For investment grade, spread direction remains anchored to growth and rate volatility. A calm rates backdrop post-data typically reopens issuance windows and supports risk appetite. High yield is more levered to cyclical signals; a softer growth pulse with rising rate volatility could widen HY spreads faster than IG. Watch loan demand, refinancing windows, and any shift in downgrade activity.

8) Dollar, commodities, and global spillovers

A stronger dollar on firmer U.S. data can tighten global financial conditions at the margin, dampen imported inflation for the U.S., and pressure commodities priced in dollars. Conversely, softer U.S. data that lowers real yields typically eases the dollar and can support cyclically sensitive commodities—though oil remains most subject to supply headlines.

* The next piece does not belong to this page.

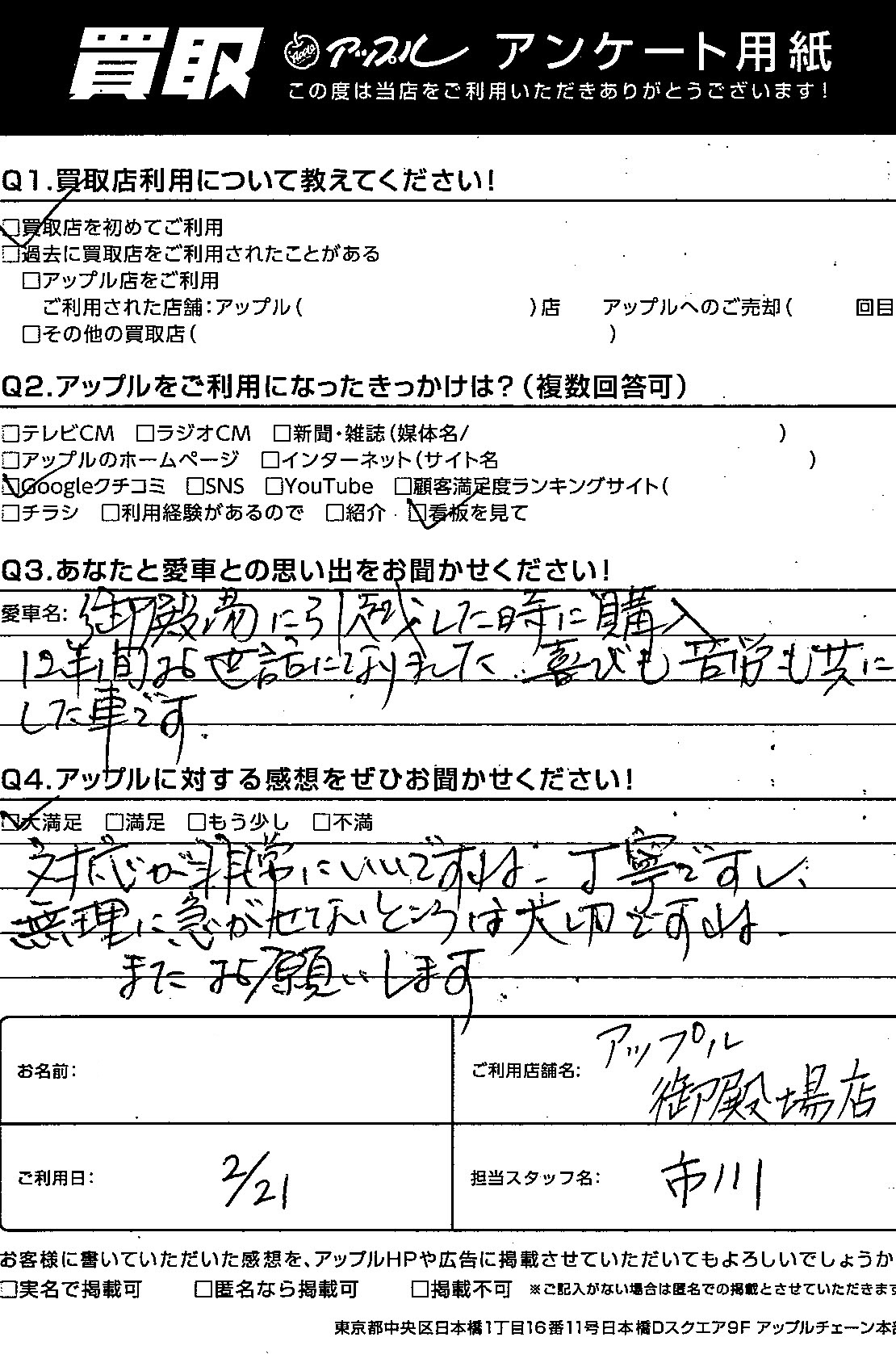 御殿場に引っ越した時に購入。12年間お世話になりました。喜びも苦労も共にした車です。
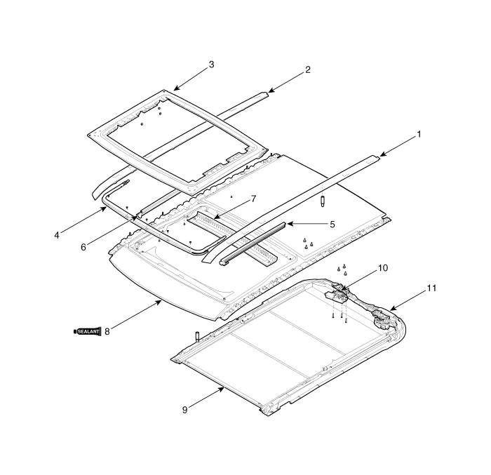 2. Боковой молдинг крыши [RH] 3. Подвижное стекло 4. Дефлектор ветра 5. Декоративная крышка [LH] 6. Декоративная крышка [правая] |

Tactical checklist for the week ahead

  • Nonfarm Payrolls: headline, unemployment rate, average hourly earnings; watch revisions and hours worked.
  • CPI/PPI: core services ex-housing, shelter components, core goods; monitor supercore for services-wage link.
  • Weekly claims: continuing claims trend for incremental loosening of labor markets.
  • Rates: front-end repricing, curve shape (2s/10s/30s), breakevens vs. real yields.
  • Equities: factor rotations tied to real yields; breadth and earnings quality differentials.
  • Credit: issuance windows, spread beta to rates, any shift in downgrade/default indicators.
  • FX/commodities: dollar reaction to real yields; energy path and implications for near-term inflation expectations.

Bottom line

The next 48 hours hinge on labor, and the following days on inflation. A clean sequence—moderating wage growth and calm services inflation—would reinforce a soft-landing path and keep the door open to mid-year policy easing. Any persistence in wage or services pressures pushes the discussion back toward timing and pace of cuts rather than their inevitability. Markets enter this stretch with cautious positioning and elevated event sensitivity; expect cross-asset leadership to rotate on data surprises and the front end of the rates curve to remain the fulcrum.